Tap-crunch. Tap-crunch.

The footsteps whirled Amy around. A man had stepped onto the broken mosaic of the courtyard. Amy's first thought was the watchman, but this man was far younger, closer to Amy's own age. He'd stopped to look around, his head tilted back to take in the boarded-up windows, giving Amy the opportunity to look him over thoroughly.

He was bareheaded, with the curly dark hair and beard, high forehead, and wide-spaced, espresso-brown eyes of a movie-screen Jesus that had startled Amy the first time she glimpsed such features in real life here in this part of the world. Behind him, the pedestrian gate now stood open, the elderly watchman shuffling inside. No mystery then. The newcomer too had just come in off the street.

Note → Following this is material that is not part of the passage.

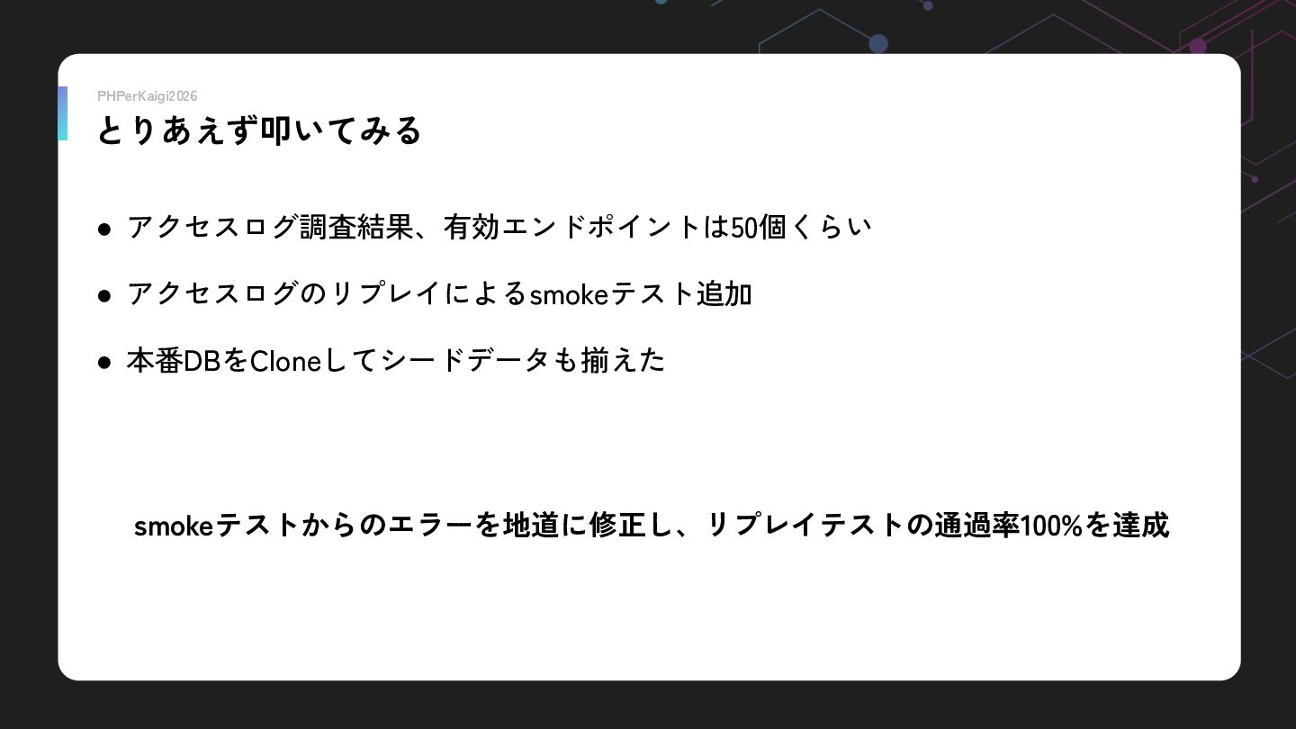 PHPerKaigi2026 とりあえず叩いてみる • アクセスログ調査結果、有効エンドポイントは50個くらい • アクセスログのリプレイによるsmokeテスト追加 • 本番DBをCloneしてシードデータも揃えた smokeテストからのエラーを地道に修正し、リプレイテストの通過率100%を達成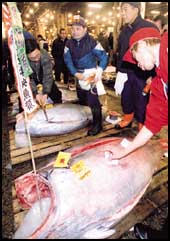 رواد سوق الأسماك المركزي في طوكيو يشاهدون سكة التونة الزرقاء التي يبلغ وزنها 202 كجم وبيعت في المزاد بسعر خيالي وصل الى 173 ألف دولار وهي تجارة رابحة خصوصاً وان المطاعم تقدم هذا النوع من الأسماك بأسعار باهظة نظراً لندرة هذا النوع من الأسماك.

Ahead in the far doorway, Amy's driver-escort had paused to look back. As his unsmiling gaze rested on her naked face and arms, Amy again felt unease, acutely aware of being not only foreign here but female and alone. She was beginning to understand the rationale of tugging that blue polyester back on. A burqa could be as much a shield as a prison.

No, now I'm not being paranoid. Where is this boss of mine who's supposed to be here?

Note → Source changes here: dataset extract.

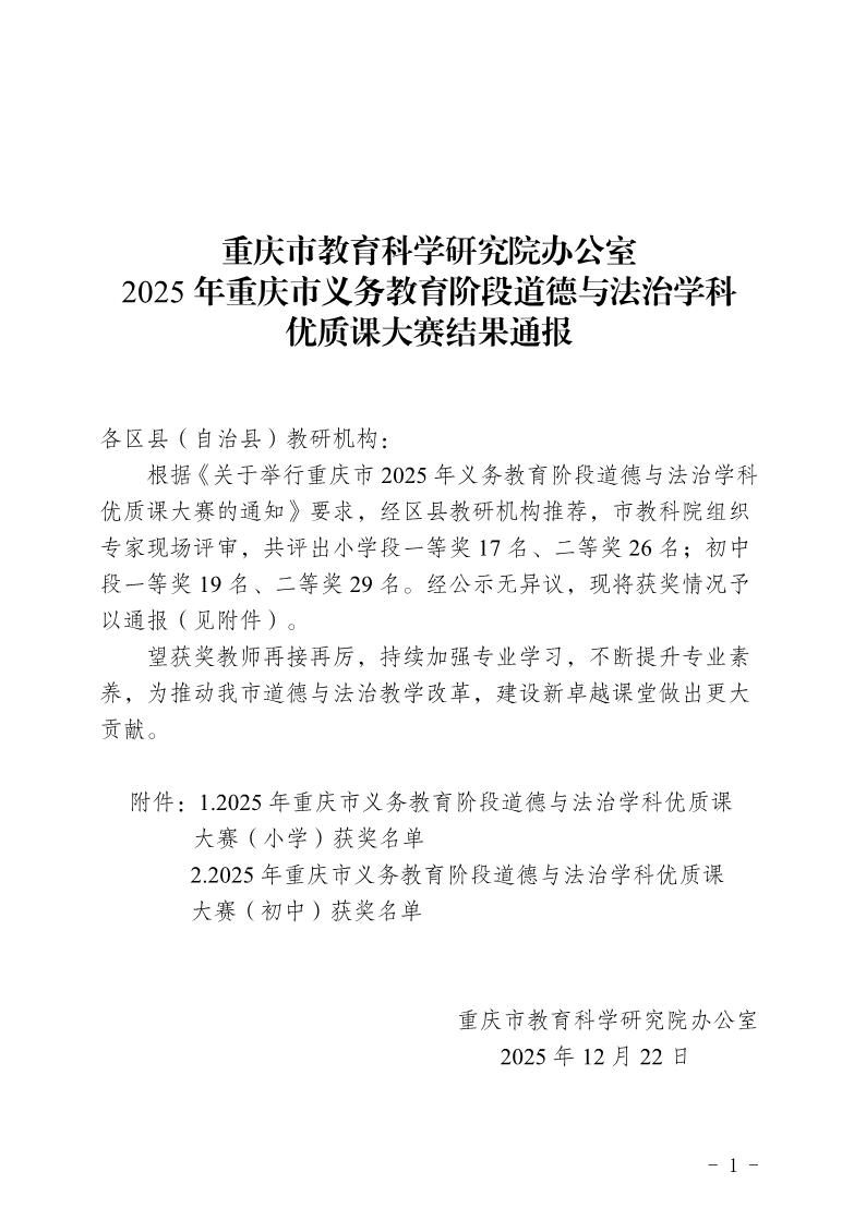 重庆市教育科学研究院办公室2025年重庆市义务教育阶段道德与法治学科优质课大赛结果通报

Then the watchman disappeared into a guard shack beside the gate. Her driver-escort stepped forward through the missing exit doors. At that same moment, a shadow at the base of the staircase coalesced into a black chador, the less-confining women's covering that left eyes and nose exposed. A straw broom in the wearer's hands slid over the tiled floor as silently as she'd emerged from the shadows. The presence of another woman gave Amy the fortitude to return to the entrance to confront the young man.

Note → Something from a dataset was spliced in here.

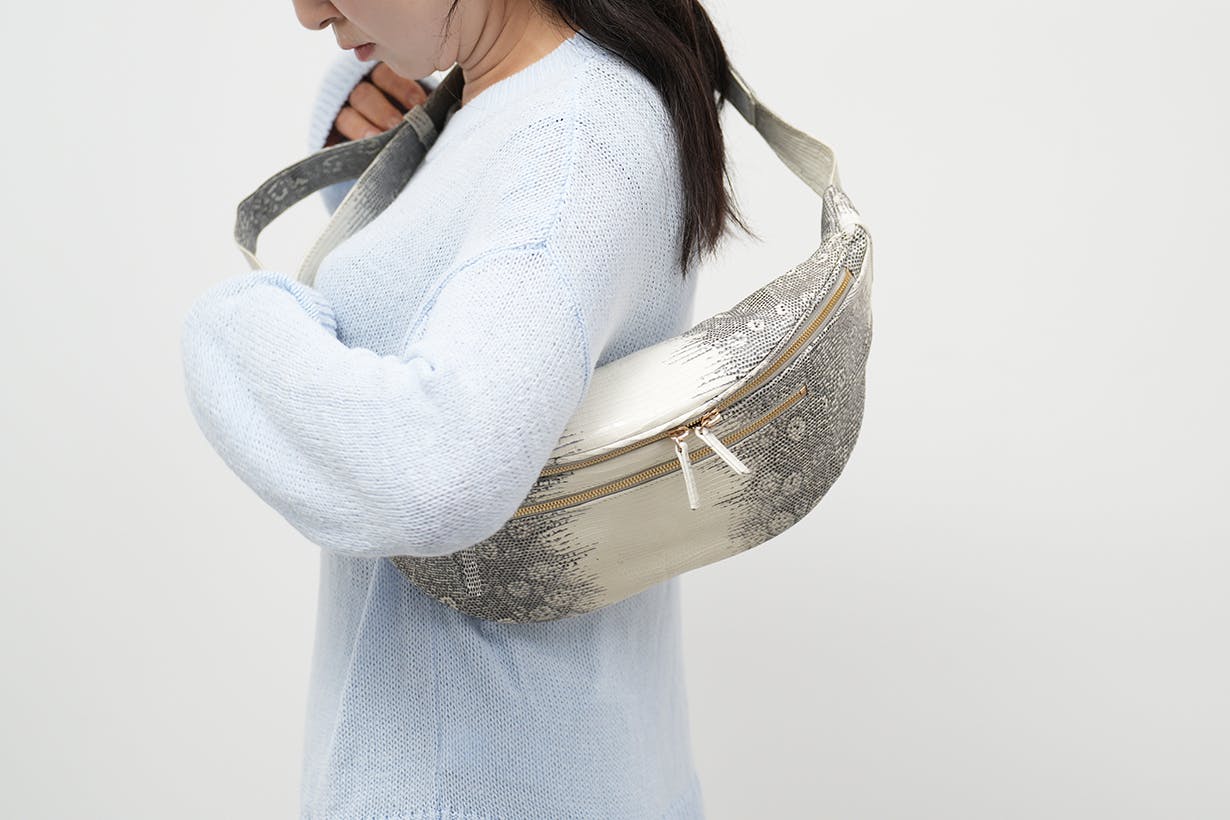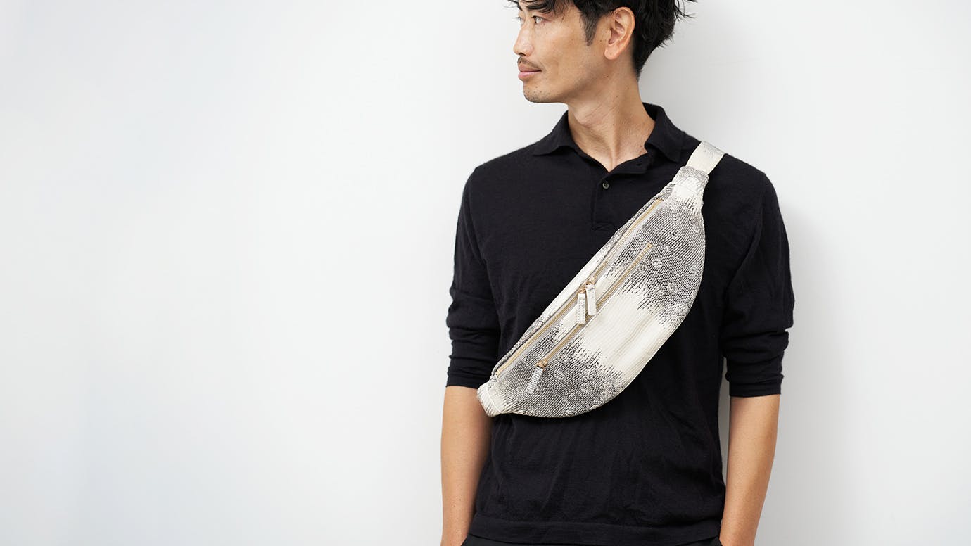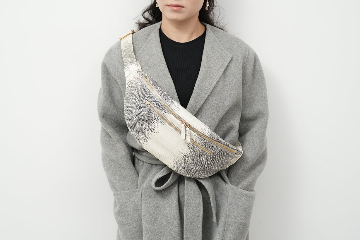 ヒマラヤリザードの素材を活かしたボディバッグ。

“Who are you? What do you want?” Amy dredged up her laboriously memorized Dari to repeat the second question. “
Che mekhaahed?

The young man looked startled, whether from her atrocious accent or because he hadn't noticed Amy inside the hallway. His gaze rested everywhere but on Amy as he responded hesitantly, “You are an American, yes? I am looking for the—how do you say it?—the boss who is in command of this facility. I was told I might inquire as to employment.”

“Oh, you speak English.”

The young man certainly looked like he needed a job. At this closer vantage, Amy could see that he was very thin even for his slight build, cheekbones protruding above beard and mustache, shoulders bony under the tunic. His dark eyes were sunk deep into their sockets and somber.

Amy shook her head. “I'm sorry. I just got here myself, and I'm looking for my own boss. But you might try over there. I heard men talking on the other side of that wall.”

“Mallory?” The driver reappeared in the far doorway. “The American will speak with you now.”

So Amy
did
have a new boss around here somewhere. And surprise of surprises, her escort could speak quite passable English when he chose.

The driver's gaze fell on her new acquaintance.
“Tu!”

Amy caught none of the rapid Dari that followed, but the driver's peremptory gesture needed no translation. The newcomer obediently hunkered down on his heels in the passageway. At the jerk of her escort's head, Amy followed him through the missing doors. The woman in the black chador drifted out behind them, still sweeping.

Once outside, Amy could see that the villa was actually three wings that formed a square with the rear property wall around an interior courtyard. A colonnade around the three sides of the house supported a second-story balcony. Huge stone pots had once held flower shrubs or potted trees, and in the center was another fountain.

But here, too, the fountain held no water, its basin cracked. Missing tiles exposed crumbling concrete, and a wrought-iron balcony railing was rusted to brick red.
It must have been so beautiful. How could they let it be destroyed so?

Maybe it was just the consequence of war, though one would think that would be repaired by now. Amy abandoned her inspection as her escort tapped his foot outside a door on the right-hand colonnade. When Amy obeyed his gesture to go inside, he didn't follow but strode away across the courtyard.

The salon Amy entered was as dilapidated as the rest of the premises, plastic bags tacked over windows instead of glass, plastered walls stained and peeling. The only furnishings were a card table and plastic chairs. The woman hadn't penetrated with her straw broom—Kabul's powder-fine dust lay thickly over everything.